Garis beruntun saat ini—dengan 24,2% (2023), 23,3% (2024), dan 16,4% (2025)—bergabung dengan klub terbatas. Yang pertama dan paling terkenal terjadi selama era dot-com: 1995-1997, diikuti oleh periode tumpang tindih di 1996-1998 dan 1997-1999. Dua dekade volatilitas pasar berlalu sebelum stretch tiga digit berikutnya terwujud: 28,9% (2019), 16,3% (2020), dan 26,9% (2021).
Putusan Sejarah yang Terbelah
Ketika meneliti apa yang terjadi setelah streak seperti ini, catatan sejarah terbagi tajam menjadi dua kubu.
Kasus Bull: Setelah periode 1995-1997, S&P 500 mempercepat dengan lonjakan 26,7% pada 1998. Garis beruntun 1996-1998 menyebabkan lonjakan 19,5% pada 1999. Pola ini menunjukkan momentum bisa berlanjut, terutama ketika pendorong struktural tetap utuh.
Kasus Bear: Bubble dot-com meledak setelah triumvirat 1997-1999, mengirim indeks turun 10,1% pada 2000—awal dari pasar bearish selama beberapa tahun. Baru-baru ini, streak 2019-2021 memberi jalan bagi crash 19,4% pada 2022 ketika Federal Reserve secara agresif menaikkan suku bunga untuk melawan inflasi.
Jadi, di mana posisi 2026?
Pertanyaan AI vs. Jerat Valuasi
Dua narasi bersaing mulai muncul.
Angin Samping: Rally tahun 1990-an didorong oleh adopsi e-commerce dan kekuatan transformasi internet. Analogi saat ini adalah kecerdasan buatan. Jika perusahaan menerjemahkan investasi AI menjadi pengembalian yang terukur selama 2026, harapkan rally lanjutan yang mirip dengan momentum akhir 1990-an.
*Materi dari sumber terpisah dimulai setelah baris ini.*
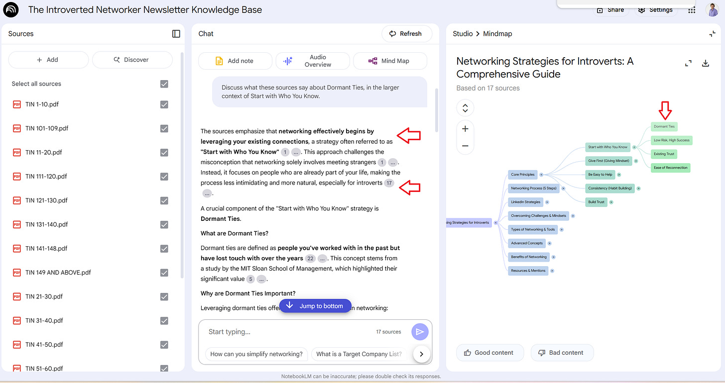 I love the Mind Map because it organizes all my topics and ideas into groups. Then when you click on one of the boxes, Notebook LM gives you a summary of the information with links back to the sources.
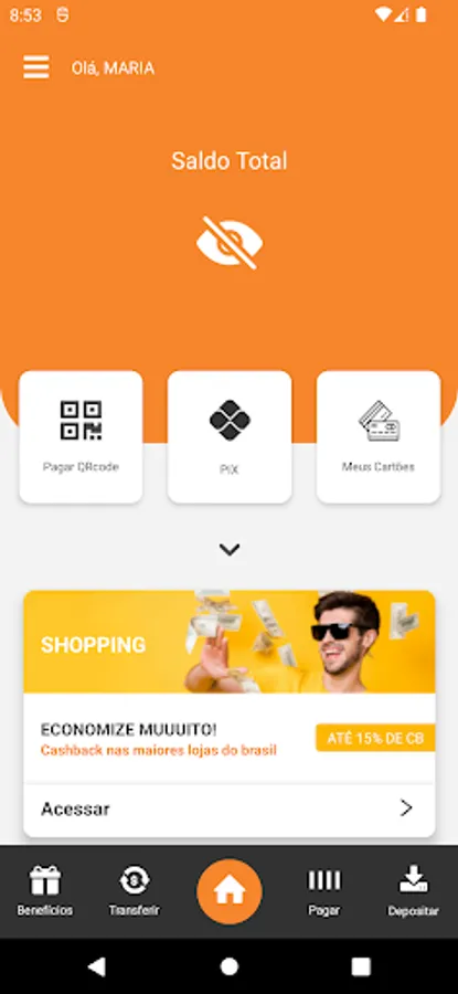 Complete digital bank: digital account, investments, shopping, credit card, debit card, virtual card, QR Code for payment, loans, real estate financing, insurance and much more!
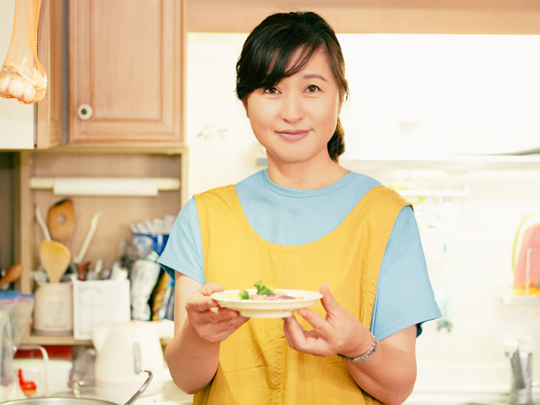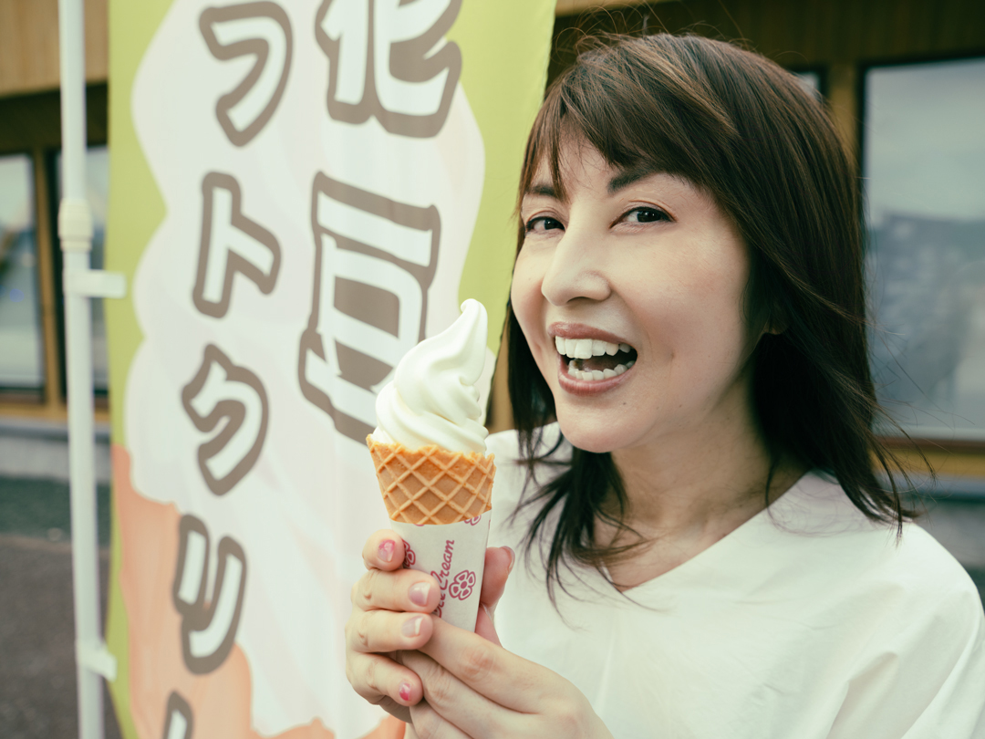 HAL財団アンバサダーのフリーアナウンサー渡辺陽子さんが口にしているのは、道の駅おんねゆ温泉が、るべしべ白花豆くらぶと共同開発した〈白花豆ソフトクリーム〉。「豆の風味が感じられ甘さは控えめで食べやすい」と渡辺さん

Angin Hambat: Rasio CAPE Shiller S&P 500—metrik valuasi utama—berada di level tertinggi sejak puncak dot-com tahun 2000. Tahun itu, valuasi tinggi dikombinasikan dengan ekspektasi laba yang mengecewakan memicu koreksi tajam. Valuasi saja tidak menyebabkan crash, tetapi mereka menyiapkan panggung. Jika 2026 mengecewakan dalam monetisasi AI atau hambatan makro kembali muncul, valuasi tinggi ini menjadi kerentanan.
Premi Ketidakpastian
Berbeda dengan tahun 1990-an atau rebound 2019-2021, 2026 tidak memiliki buku panduan yang jelas. Indeks bisa meniru euforia akhir-1990-an atau mengulangi perhitungan tahun 2000—atau sesuatu di antaranya.
Mengapa Investor Jangka Panjang Bisa Tidur Nyenyak
Di tengah kebisingan, satu streak sejarah benar-benar penting: selama setiap periode 20 tahun bergulir dalam sejarah S&P 500, pengembalian total positif terjadi 100% dari waktu. Pola ini tetap bertahan terlepas dari valuasi, resesi, atau siklus boom-bust.
Bagi mereka yang tidak mencoba mengatur waktu 2026, ini berbicara lebih keras daripada ramalan tahunan mana pun.